The present study aimed to examine how SL occurs under conditions of high vs. low words’ predictability and to test whether the same core mechanisms are recruited to extract word-like units from continuous auditory streams under implicit vs. explicit learning conditions. ERP data were recorded while participants performed either an auditory triplet embedded SL task in which statistical regularities had to be abstracted through passive exposure to a continuous “word” stream (implicit condition) or a similar task in which the “words” were explicitly taught before exposure (explicit condition). The TPs between the “words” syllables were respectively of 1.00 or 0.50, thus creating “words” that were easily or hardly predictable in the context of a continuous stream. The “word” stream was presented in two separate blocks of ~3.5-min each to further examine how ERP components might change over time. Behavioral data were collected using a 2-AFC task after the familiarization phase of each SL task. Using a within-subject design aiming to obtain results less affected by individual differences, the current study contributed to shed new light on the processes underlying SL under different learning conditions, involving implicit or explicit instructions, and two degrees of uncertainty (i.e., easy vs. hard “words”).

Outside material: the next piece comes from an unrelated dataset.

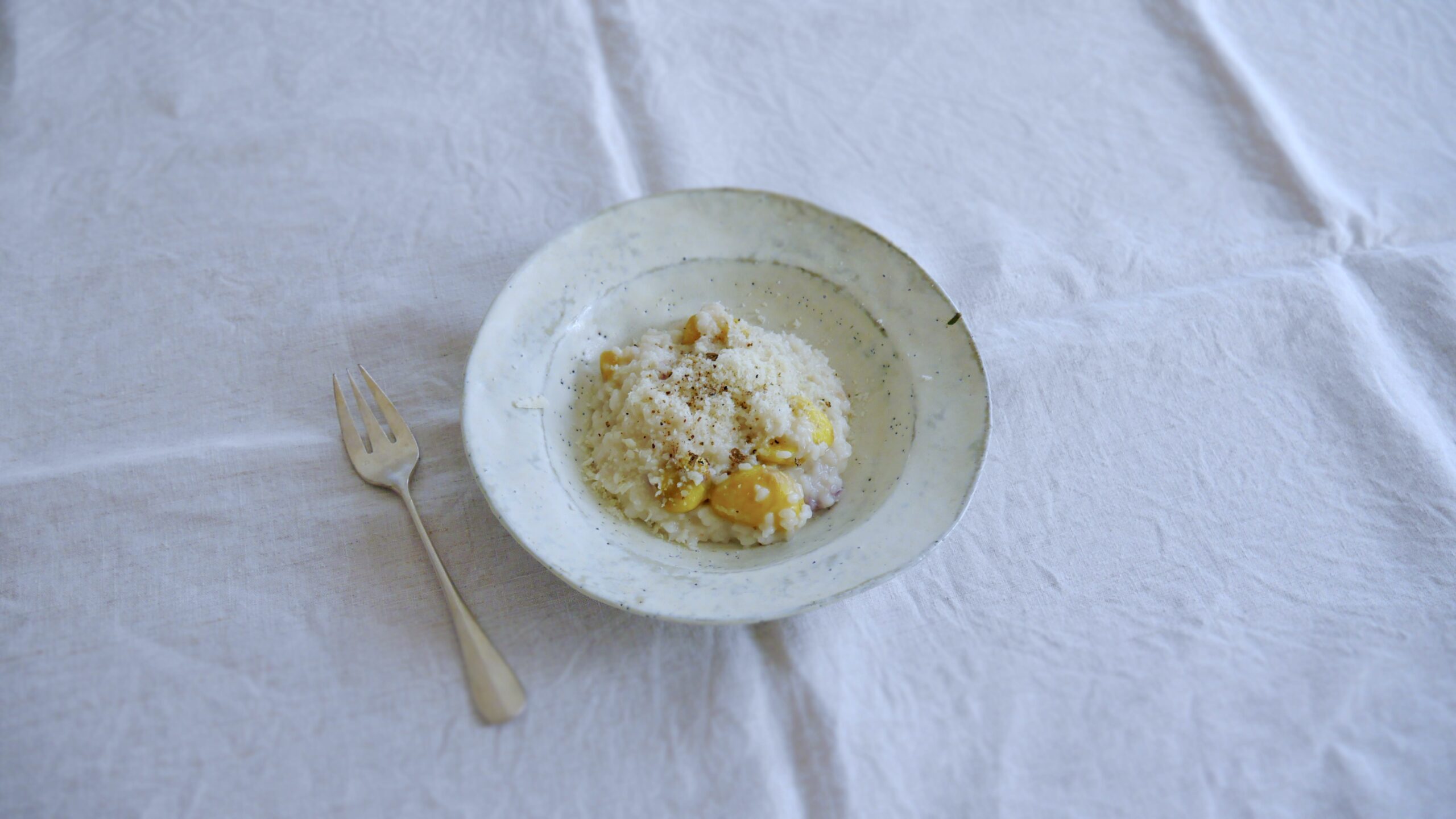 すりおろして泡立てた卵白をまぜて、ラップに包んでおちょこに入れて

The results obtained were clear-cut and can be summarized as follows: (i) participants showed a moderate but reliable level of SL, although behavioral performance was neither modulated by words’ predictability nor by the conditions under which they were learned; (ii) the neural responses showed a larger N100 for hard “words” in the later phase of exposition (second block) of the implicit (vs. explicit) condition, while it was reduced in the second block (vs. the first block) for the easy “words” in the implicit condition; (iii) easy “words” elicited larger N400-like amplitudes than hard “words;” and (iv) “words” that have been previously taught (explicit condition) elicited a general reduced N250 relatively to “words” that were completely unknown to the participants (implicit condition).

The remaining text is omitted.